Mas todas estas conquistas de nosso tempo seriam positivas, fariam da política algo invejável e admirável, agora que ela se casou com a democracia. O problema é que, ao mesmo tempo que a política se concentra na democracia, e aumenta o número de pessoas que desfrutam de liberdades básicas no mundo, a política perde em prestígio. A principal razão para isso é que, nos vinte anos desde que começou a atual onda mundial de democratização, os regimes eleitos não conseguiram atender aos reclamos sociais. As ditaduras saíram de cena com as crises econômicas, deixando para governos eleitos a tarefa de resolver a desigualdade social que haviam criado ou agravado. As democracias vieram gerir a crise.

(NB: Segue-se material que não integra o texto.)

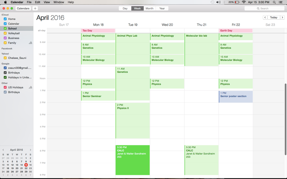 Tip #1: Do not take a huge course load. There is a reason why advisors give you an education planning track to follow when scheduling classes. During your senior year, you want to be able to focus your time on planning for yourself and the future after graduation. This is a big mistake that I made when I scheduled my classes for this semester. I am currently pushing myself to take 21 credits (6 courses) and quite frankly I am burned out about now. I never have time during the day because if I am not in class, then I am doing assignments . As a biology major, a lot of my courses require laboratory time in addition to lectures. To give an example of how bad it can get I will give you an idea of my schedule.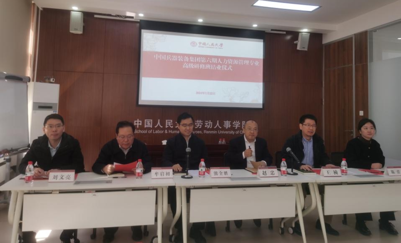 2024年3月22日,由公司承办的中国兵器装备集团第六期人力资源管理专业高级研修班结业仪式在求是楼343举行。班级37位学员齐聚人大求是楼,共庆研修班学习圆满结束。中国兵器装备集团人力资源部副主任熊全胜,必威西汉姆官网平台经理赵忠教授出席典礼并发表讲话。结业仪式由必威西汉姆官网平台人力资源与领导力开发中心主任王桢教授主持。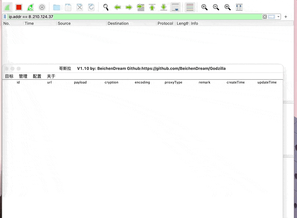 如何寻找哥斯拉的流量特征呢?最先想到的是先前冰蝎的捕获经验,即在shell的建连初期出现的强特征。至于HTTP头部的UA等特征,由于其易被改变,因此暂不考虑。开启Wireshark设置过滤条件,重新打开哥斯拉客户端并添加生成的shell: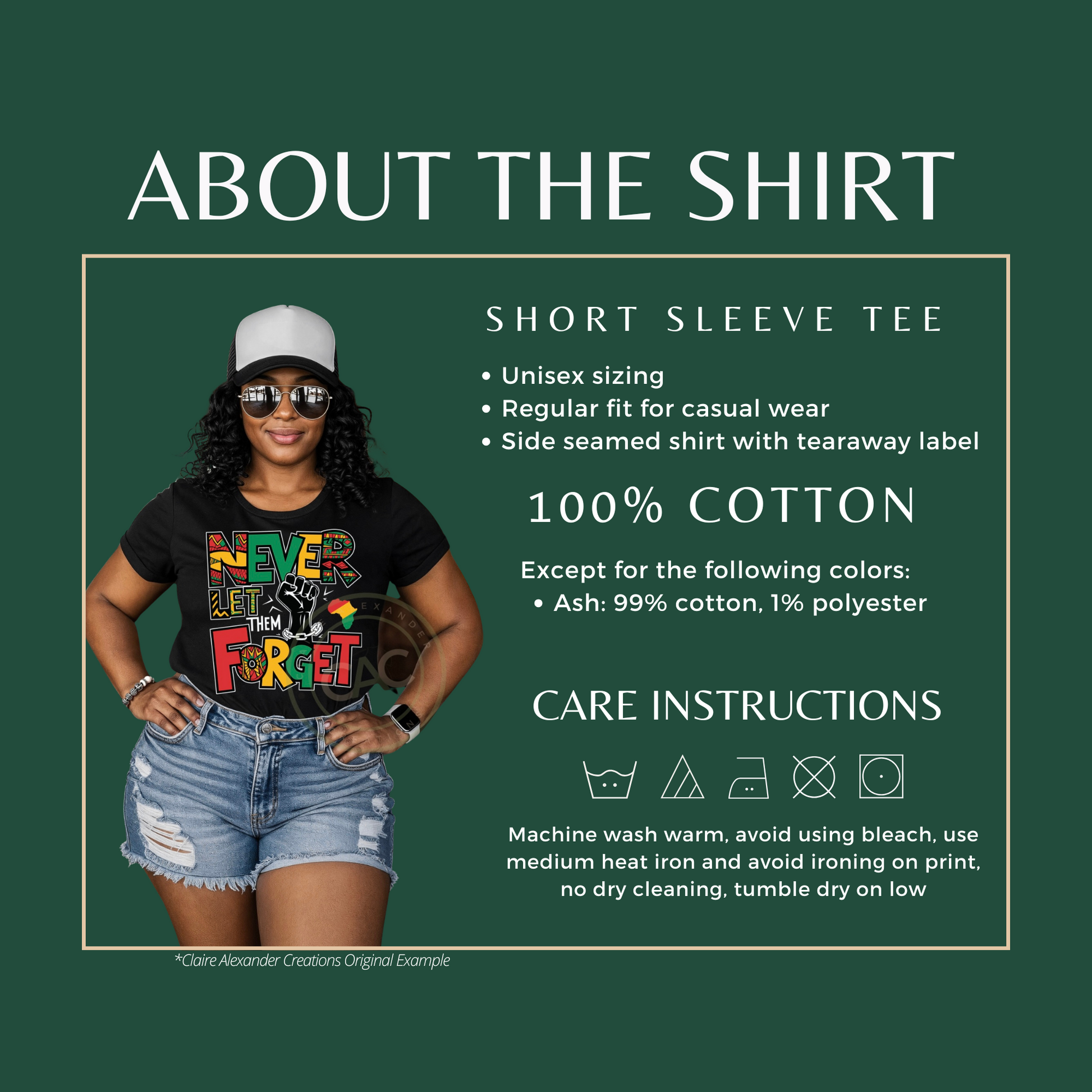 - Care Instructions: Machine wash cold, inside out, with like colors. Tumble dry low. Do not iron directly on design.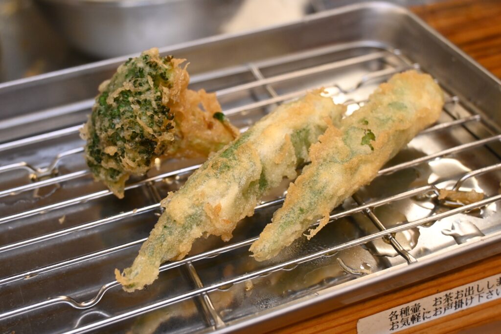 お肉やお魚の天ぷらも美味しいけ野菜天も捨てがたい…個人的にはブロッコリーがナンバー1。衣のサクサクした食感を一段と強く感じられる気がします。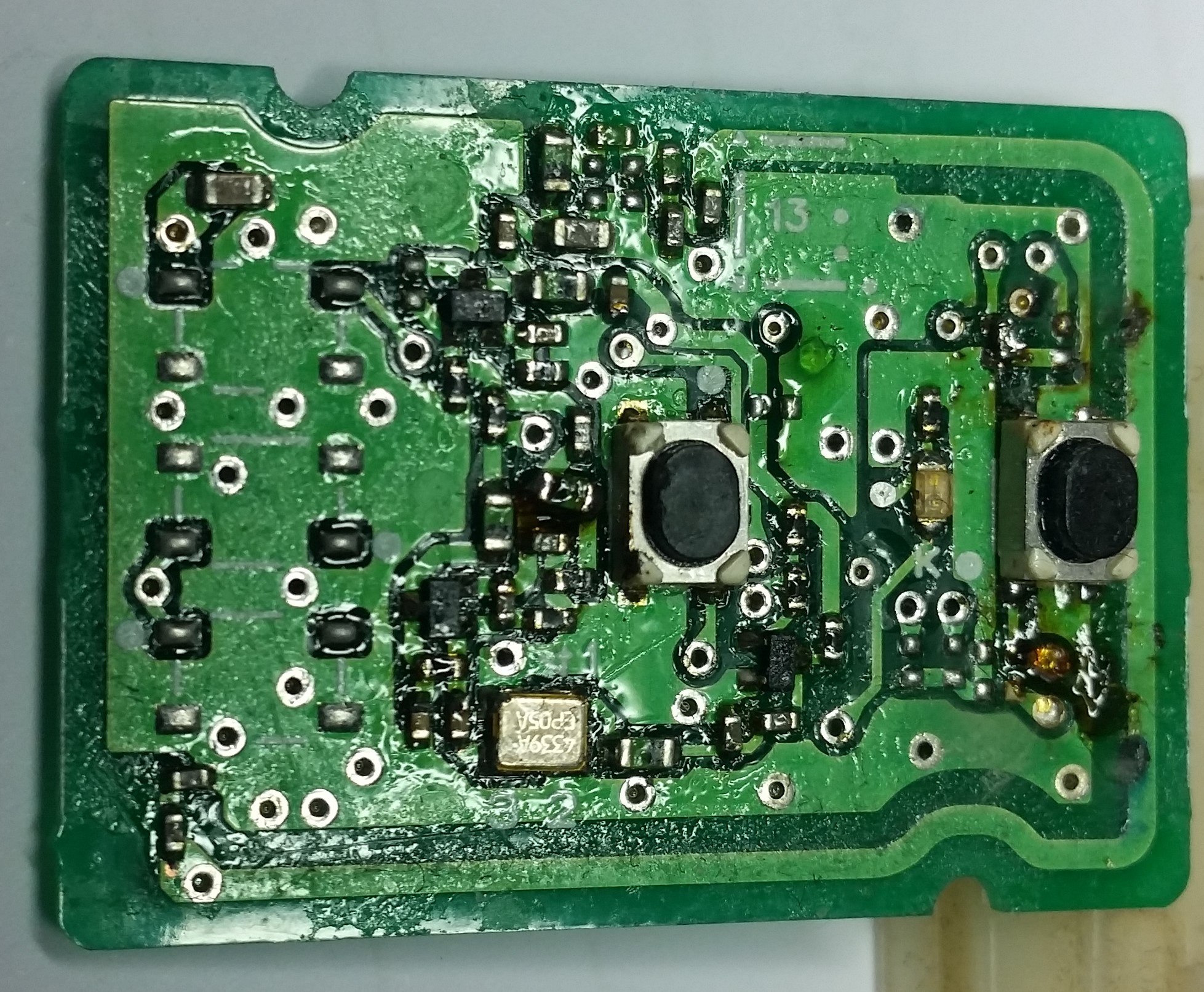 Jeden – pewnie padnięta płytka, w drodze już zamiennik z Ali. Ale w działającym chciałem zamienić sobie obudowę, bo po prostu połamały się przyciski. Najpierw – obudowa jest gówniano spasowana, musiałem przełożyć ze starego oryginalną blaszkę do uchwytu breloka, bo nie dało się zamknąć pilota. Potem zaczęły się jazdy, że pilot raz zaskakiwał, raz nie i w końcu klęknął.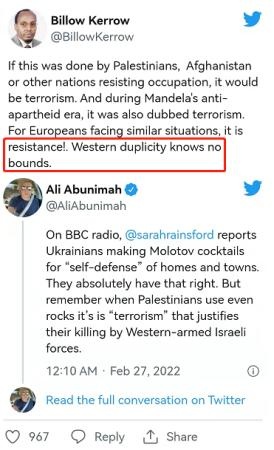 一位記者指出,英國(guó)廣播公司(BBC)對(duì)烏克蘭人制作燃燒瓶對(duì)付俄羅斯軍人的行為大加贊揚(yáng),但當(dāng)巴勒斯坦人因?yàn)橄蜓b備全副西式武裝的士兵扔石子被殺時(shí),西方卻稱(chēng)巴勒斯坦人為“恐怖分子”。一位肯尼亞政治家說(shuō)得更直接:“西方雙標(biāo)起來(lái)沒(méi)有底線?!?/p>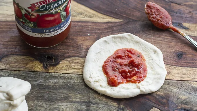 Pop open the can of biscuits. Working on a floured surface, and with one biscuit at a time, roll each biscuit out into a flattened disk. Spread each biscuit with a little pasta sauce, leaving a 1/2-inch border around the edges of the biscuit.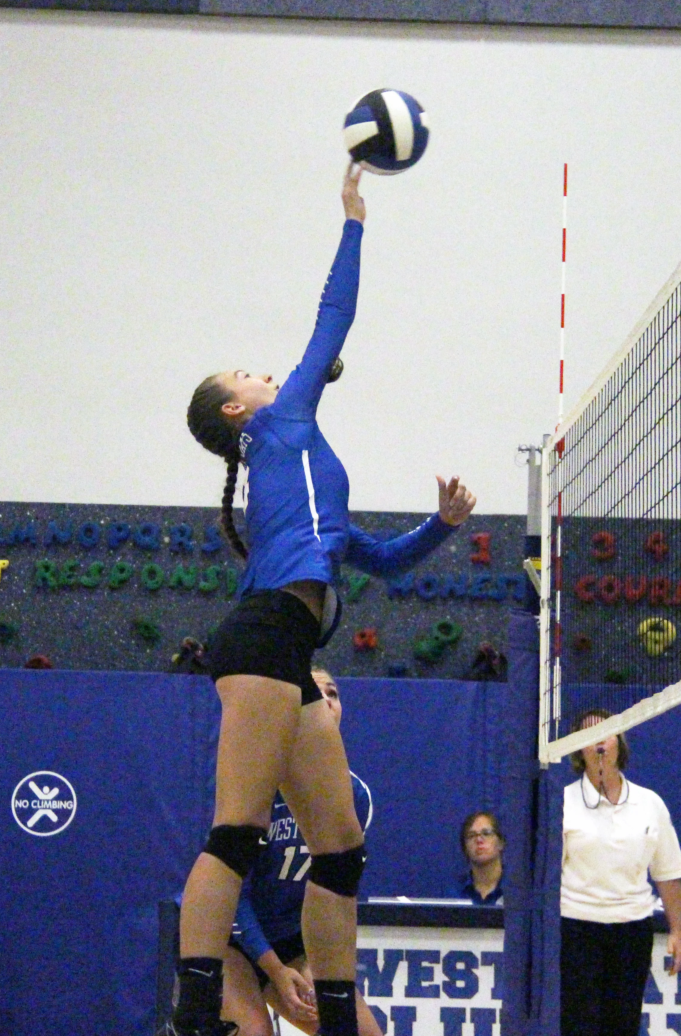 West Platte senior Jordan Schultz tips a ball over the net during a September match with East Buchanan at West Platte Elementary School in Weston, Mo. Schultz received multiple postseason honors.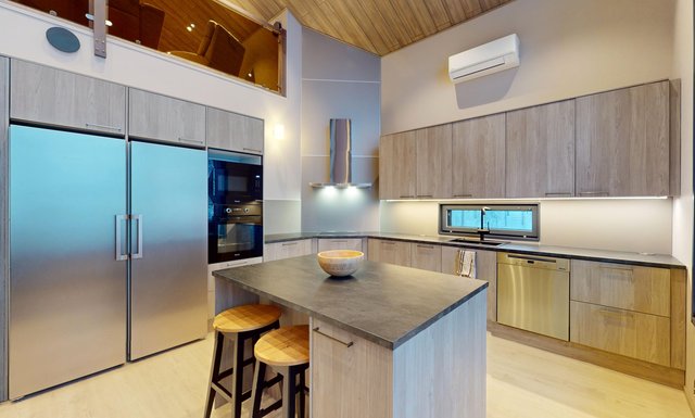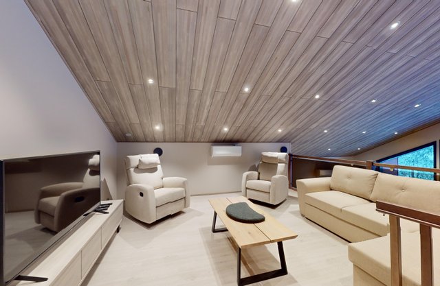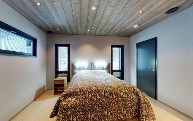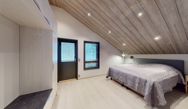 The villa's spacious living room and open kitchen form a cozy whole, with large windows bringing in plenty of natural light. Four bedrooms offer plenty of space for the whole family or a group of friends. The sauna area creates a relaxing and luxurious sauna experience.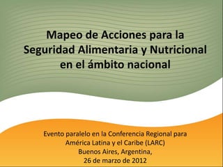 Este documento presenta el Mapeo de Acciones para la Seguridad Alimentaria y Nutricional (MAFSAN) como un mecanismo para fortalecer la capacidad de los gobiernos nacionales y sus socios de desarrollo para la toma de decisiones fundamentadas y la coordinación de actores y acciones en materia de seguridad alimentaria y nutricional. Propone una plataforma web MAFSAN para integrar sistemas de mapeo existentes y expandirse a nuevos países, siguiendo principios de apropiación nacional, alianzas y ar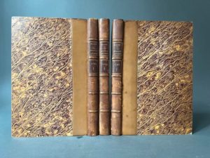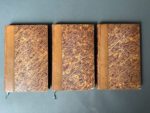 BALZAC (Honoré de). Une ténébreuse affaire. Scènes de la vie politique. Paris, Hippolyte Souverain, 1842. 3 vol. in-8, demi-veau fauve, dos à 5 nerfs ornés d'un pointillé doré, pièces de titre et de tomaison basane havane, tête dorée, non rogné [Durvand] (dos brunis, petites fentes aux mors, l'un des dos à-demi décollé, 1 coin lacunaire, rares brunissures sporadiques). Édition originale. Exemplaire relié avec toutes ses marges. (Carteret I, 78 ; Vicaire I, 219 ; collation conforme à Vicaire, avec les feuillets bis au t.1 que Carteret ne signale pas ; notons également qu'au début du chapitre VII du t.1, la pagination passe de 259 à 272 sans discontinuité du texte ; au t.3, les n° de pages 288 à 297 ne sont pas attribués ; ceci non mentionné par ces bibliographes).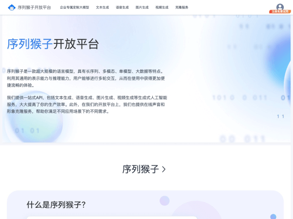 序列猴子是出门问问推出的一款超大规模的语言模型,具有长序列、多模态、单模型、大数据等特点。利用其通用的表示能力与推理能力,用户能够进行多轮交互,从而在使用中获得更加便捷流畅的体验。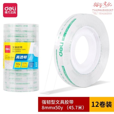 得力30003强韧型文具胶带8mm*50y*38um(高透)(12卷/筒)SKU:yzwhyp843449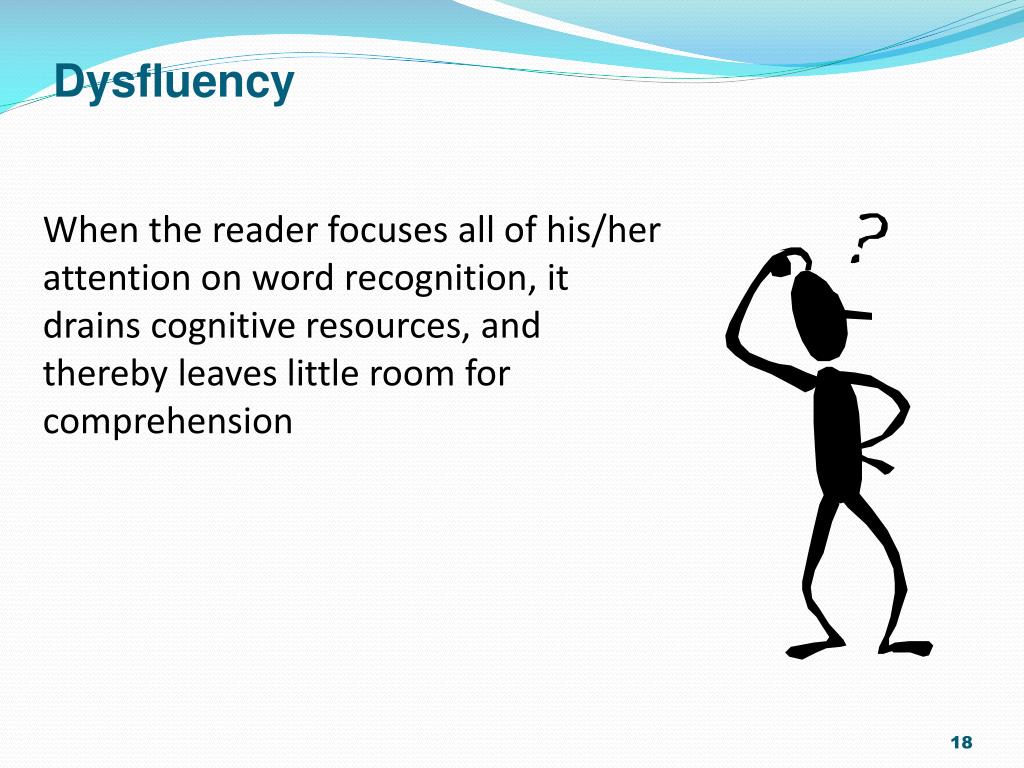 Dysfluency When the reader focuses all of his/her attention on word recognition, it drains cognitive resources, and thereby leaves little room for comprehension
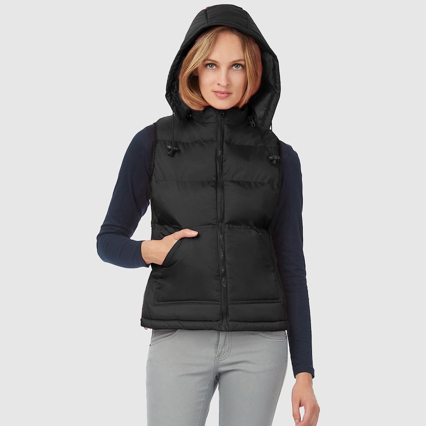 Veste en duvet B&C pour femme Cette veste en duvet possède deux poches avant et une capuche détachable avec fermeture éclair. Cette veste en duvet peut être personnalisée par impression ou par broderie. L'extérieur est en nylon et la doublure en polyester.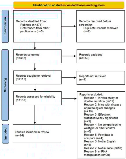 The initial PubMed–Medline search yielded 371 studies published before November 2020. We identified another three studies through other sources. After reading titles and abstracts, we excluded 261 manuscripts and 113 articles remained. We then read the full text of these articles and excluded more articles based on our inclusion and exclusion criteria. In the end, 24 publications were analysed quantitatively. The PRISMA flowchart in Figure 1 summarises the search and subsequent selection of the publications analysed in this study.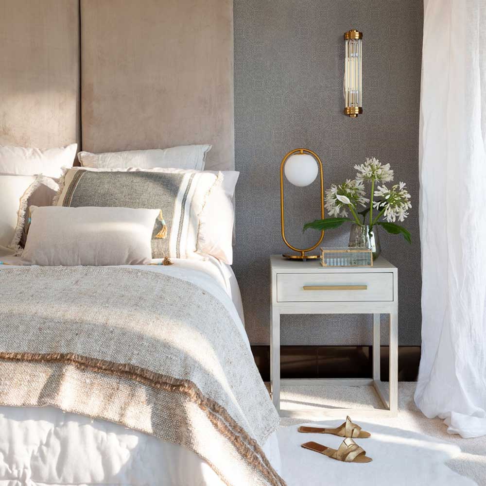 Mesita de noche elegante con acabado de roble en un suave tono blanco grisáceo. Su estructura minimalista con base abierta de madera aporta ligereza visual y un diseño depurado al dormitorio.

Mas a maior parte delas fracassou. O resultado mais visível disso foram as guerras fratricidas na Iugoslávia, na África e em outros lugares. Porém, o efeito maior foi a existência, em especial nos países mais pobres e nas democracias recentes, de regimes democráticos infecundos em termos de promoção social. Os governos eleitos têm sido estéreis em relação ao que deveriam fazer e ao que prometeram. Não é necessariamente culpa deles já que a conjuntura mundial está bem mais difícil hoje do que trinta anos atrás. Mas isso repercute na imagem popular da política e do político, freqüentemente negativa.